BBC nature documentaries

July 26, 2021
BBC Nature Documentaries
Documentaries and films on once-lost masterpieces and one-off peculiarities

What is a cult album? Many different things - an undiscovered gem, a one-off peculiarity, a record that tanked commercially then became exalted, an established artist taking a left turn into weird town... all those, and others besides.

Below are just eight BBC broadcasts about albums you might loosely define as cult. Some were successes, some weren't, but they all have one specific thing in common - an extraordinary backstory.

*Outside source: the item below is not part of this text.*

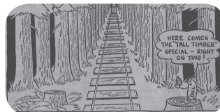
An illustration from the June, 1946 Buzzer.

"The motorman on the English Bay lines in the early days probably steered by compass, heading in the general direction of westward-ho from Granville Street.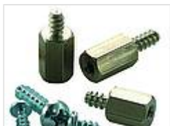
Screws (SHR) and distance bolts (DIBLZ) for mounting bosses in plastic enclosures

1. Sir John Betjeman, Betjeman's Banana Blush

Over the decades, plenty of poets have released readings on what they'd probably call gramophone records, but Betjeman's Banana Blush is something quite different - an eccentric and very wonky pop album by the then-Poet Laureate. In this fascinating Radio 4 documentary, Jarvis Cocker explains how the record came to be, and how it won unlikely fans, including Suggs from Madness.

2. Linton Kwesi Johnson, Dread Beat An' Blood

Sometimes an album can define the spirit of its age like no other artform, and that's exactly what Linton Kwesi Johnson's debut, Dread Beat an' Blood, did in 1978. "It was an attempt to capture the anger and the hope of that particular generation to which I belonged - around the time when Mrs Thatcher was making her bid for power, " Linton explains here, and he did so by combining poetry and dub in a kind of update of what Jamaican reggae toasters had done before him. First broadcast in 2008, the Benjamin Zephaniah-presented documentary also asks: how much has changed since 1978?

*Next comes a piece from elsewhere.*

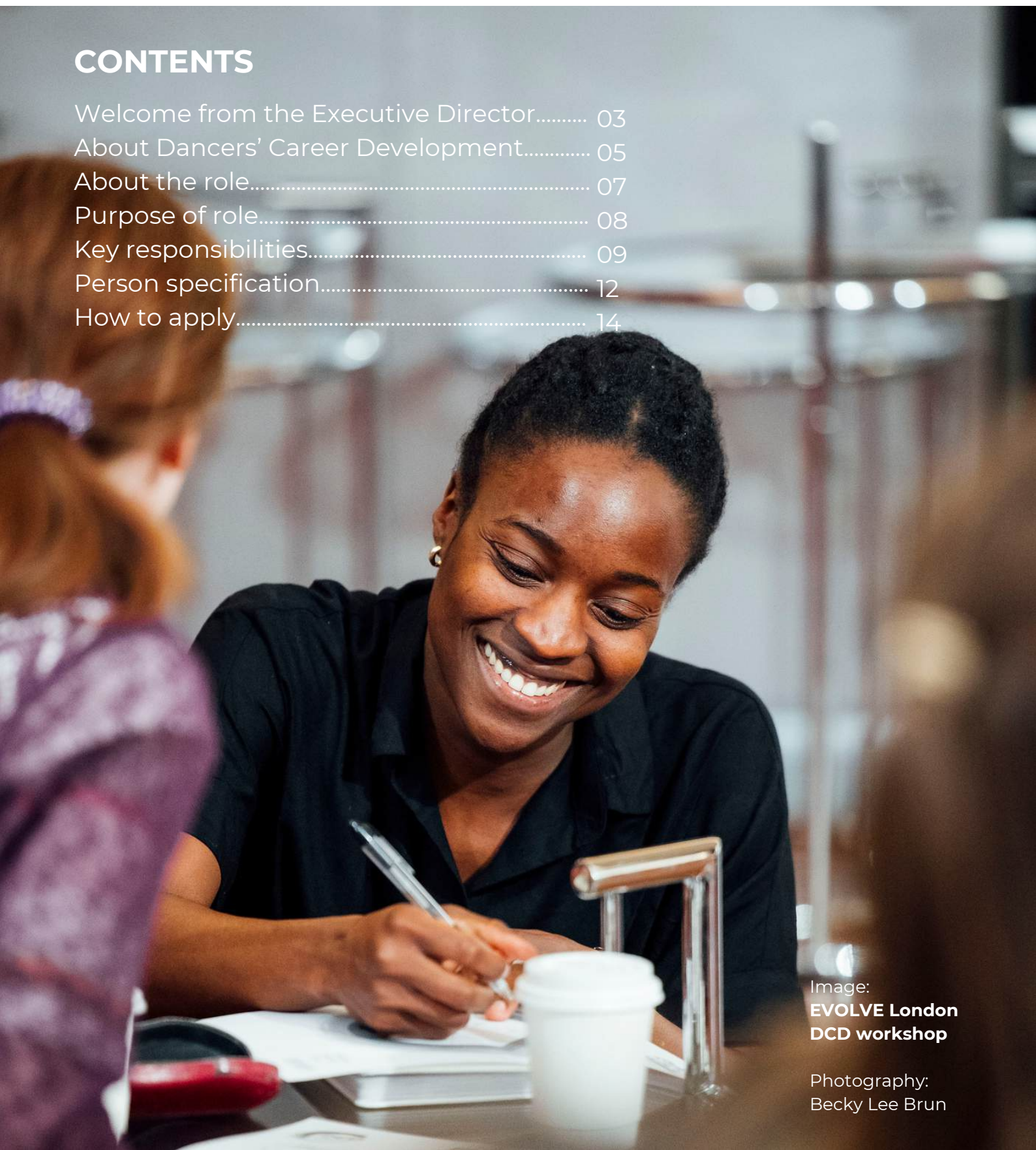
Image: EVOLVE London DCD workshop

3. Keith Moon, Two Sides Of The Moon

Predictably amusing scenes in this clip as The Who's Keith Moon tells The Old Grey Whistle Test's Bob Harris about his only solo album, Two Sides Of The Moon, which became notable not because of its great quality but for whom it had on it - Ringo Starr, Harry Nilsson, David Bowie, Spencer Davis and Dick Dale, among others. Even John Lennon gave Keith a song to record, Move Over Ms L.

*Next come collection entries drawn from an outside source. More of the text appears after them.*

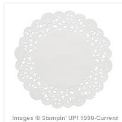
Tea Lace Paper Doilies - 129399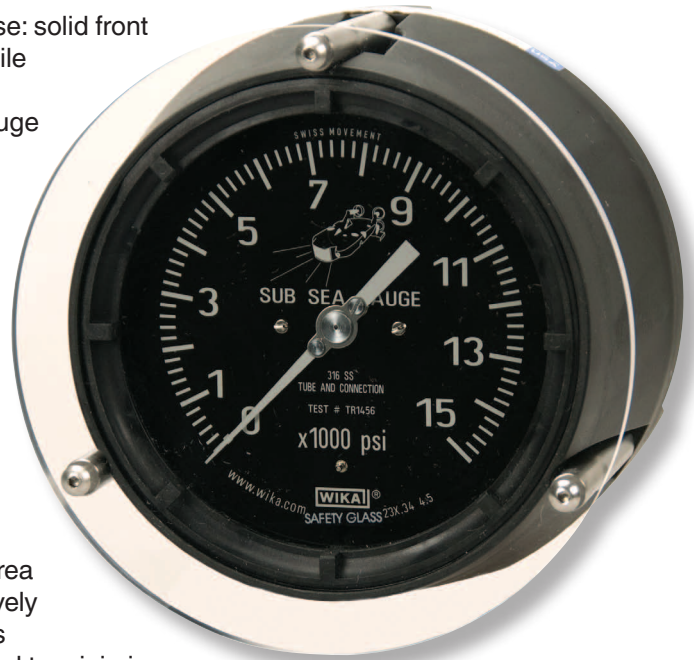
Model 233.34 SUB SEA with Lexan Shield shown with lower back mount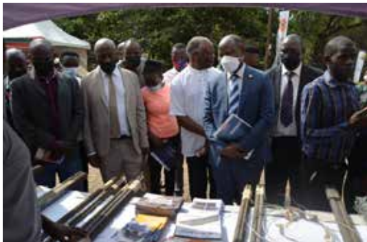
Prof. Barnabas Nawangwe inspects an exhibition by makers of Building materials during the Fundis training at CEDAT

The department of Architecture and Physical Planning conducted a training for masons and fundis as a way of sharing information and experiences for improved services. This was done in partnership with makers of building materials that include Uganda clays, Steel and tube, plascon pain as well as the National Building Board.

4. The Damned, Machine Gun Etiquette

Last August, Steve Lamacq picked The Damned's third album for his 6 Music series Classic Album of the Day and not their better-known debut, Damned Damned Damned. That in itself tells you much about how the stature of Machine Gun Etiquette has grown over the years. Steve spoke to Damned co-founder Captain Sensible about his love of both noise and melody, and how the group managed to thrive without Brian James, who wrote their first two albums.